Side Effects Antibiotics

It is not uncommon to be prescribed antibiotics when we’re feeling under the weather, have a nasty infection, or even suffering from certain diseases. However, there is often an overlooked aspect when it comes to antibiotics: side effects. While you might think, “that doesn’t apply to me”, you might be surprised how incredibly common it is to experience side effects from prescribed antibiotics. Below are eight possible side effects of antibiotics and how they can affect your body.

8. Bodily Infections Resistant to Antibiotics

Antibiotics

While antibiotics are meant to treat bacteria and illnesses, according to the Center for Disease Control (CDC), bacteria are becoming resistant to antibiotics. This occurs due to the misuse and overuse of antibiotics in the foods we’re consuming. The CDC mentions, “Antibiotic resistant bacteria can cause illnesses that were once easily treatable with antibiotics to become untreatable, leading to dangerous infections. Antibiotic-resistant bacteria are often more difficult to kill and more expensive to treat. In some cases, the antibiotic-resistant infections can lead to serious disability or even death.”

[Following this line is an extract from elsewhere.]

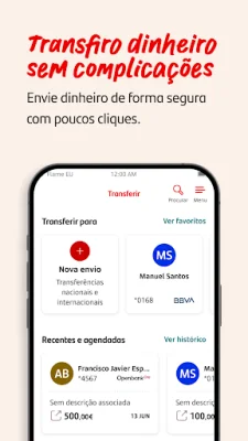 Enviar dinheiro é uma tarefa centralizada na aplicação, permitindo ao utilizador realizar transferências normais e imediatas, agendamentos e utilizar o serviço MB WAY. Com esta funcionalidade, é possível enviar dinheiro de forma prática para números de telefone e verificar quais dos seus contactos também são aderentes ao serviço.
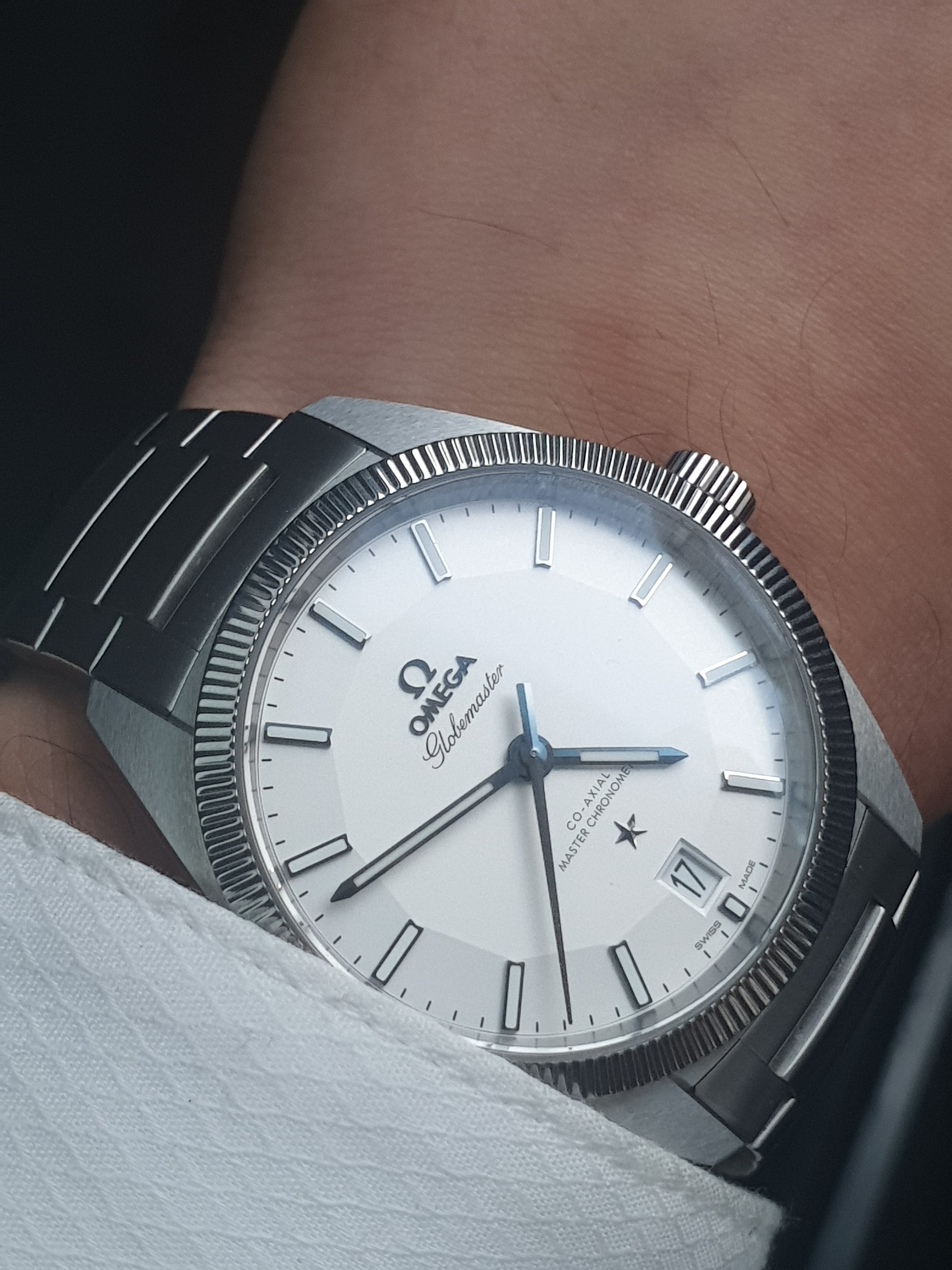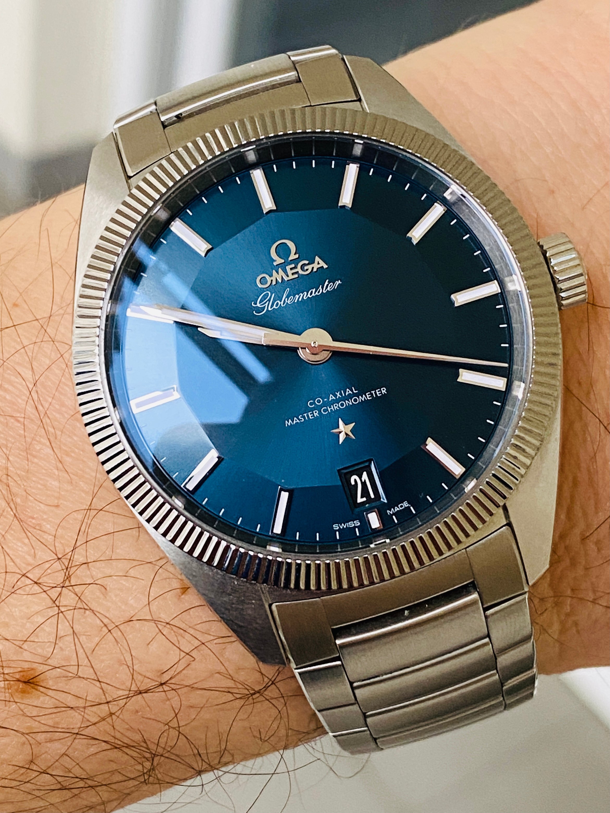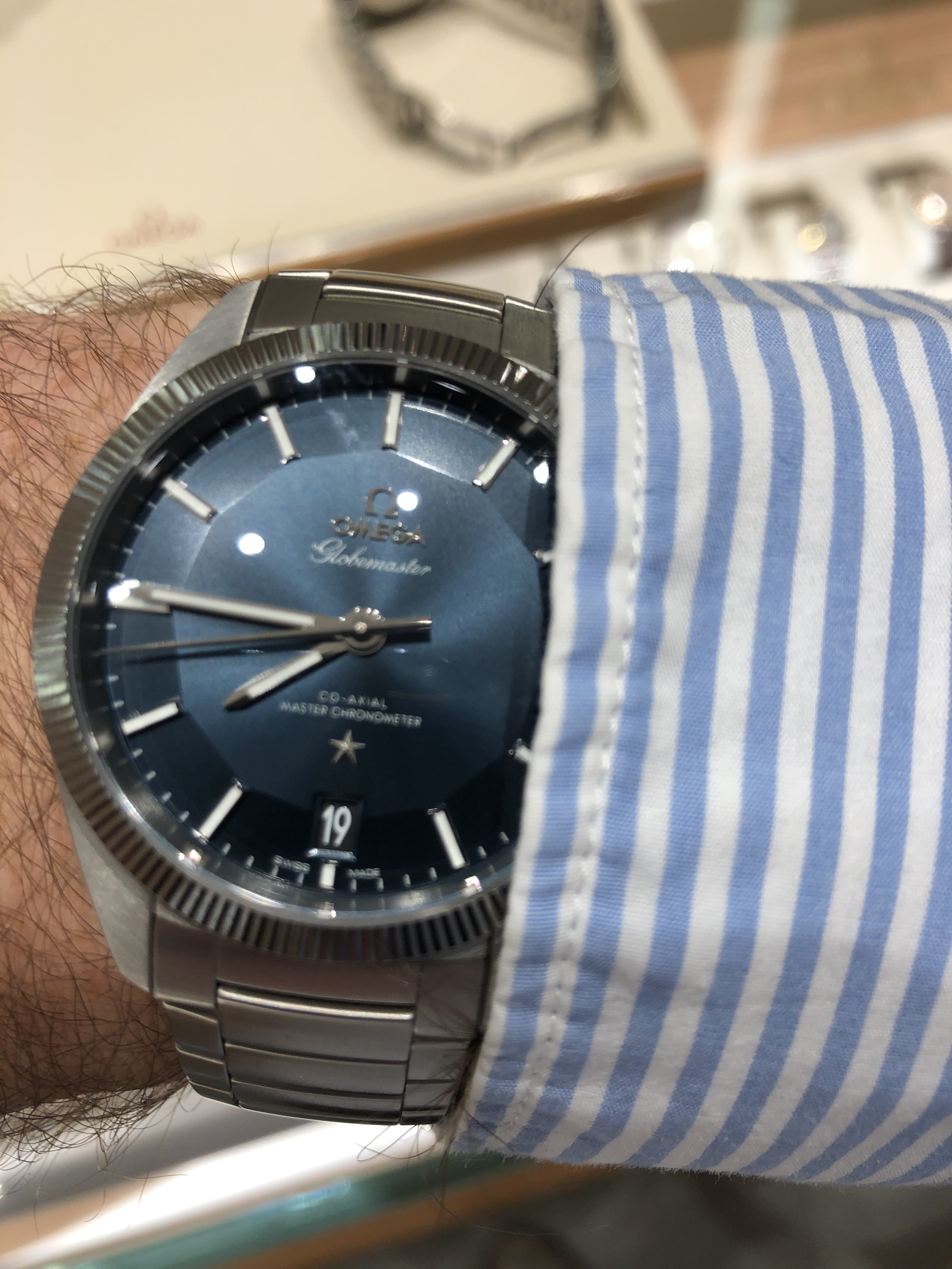 ·if you have a chance to try it on then please do., the blue SS GM has been out of stock for a while in the US online shop . It is definitely the more popular version of the Globemaster and the pie pan is more prominent on the Blue dial watch.

7. Infections Taking Longer to Heal

Infections Taking Longer

Due to the overuse of antibiotics, people are consequently taking longer to heal from infections that were once easily treated. Per the Council of Foreign Affairs, “antibiotics are facing an existential crisis less than a century since their introduction. The bacteria-fighting drugs are becoming less effective as a result of their overuse in both humans and animals.”

6. Allergies and Asthma

Allergies And Asthma

A study published on April 2, 2018 analyzed the health records of more than 792,000 children born between 2001 and 2013 and found a link between babies who took antibiotics (or antacids) between birth and six months of age and the development of allergies as well as asthma. According to the lead author of the study, Dr. Edward Mitre, exposure to antibiotics appeared to double children’s future asthma risk, while also promoting a 50 percent increase in the risk of developing allergies to dust, dander and pollen, eye allergies, and anaphylaxis.

5. Diarrhea

Diarrhea

Another common side effect of antibiotics is diarrhea. This can lead to further implications such as dehydration and electrolyte imbalances. It is also possible for diarrhea to persist for weeks after you stop taking antibiotics. This common side effect can be experienced by both adults and children who are prescribed antibiotics.

4. Exhaustion

Exhaustion

While many people don’t think feeling tired and exhausted due to taking antibiotics is possible, it definitely is. As it is, being sick is enough to make you feel worn out, but to add to this, antibiotics can make you feel even more exhausted. It is very common to experience extreme fatigue while on antibiotics.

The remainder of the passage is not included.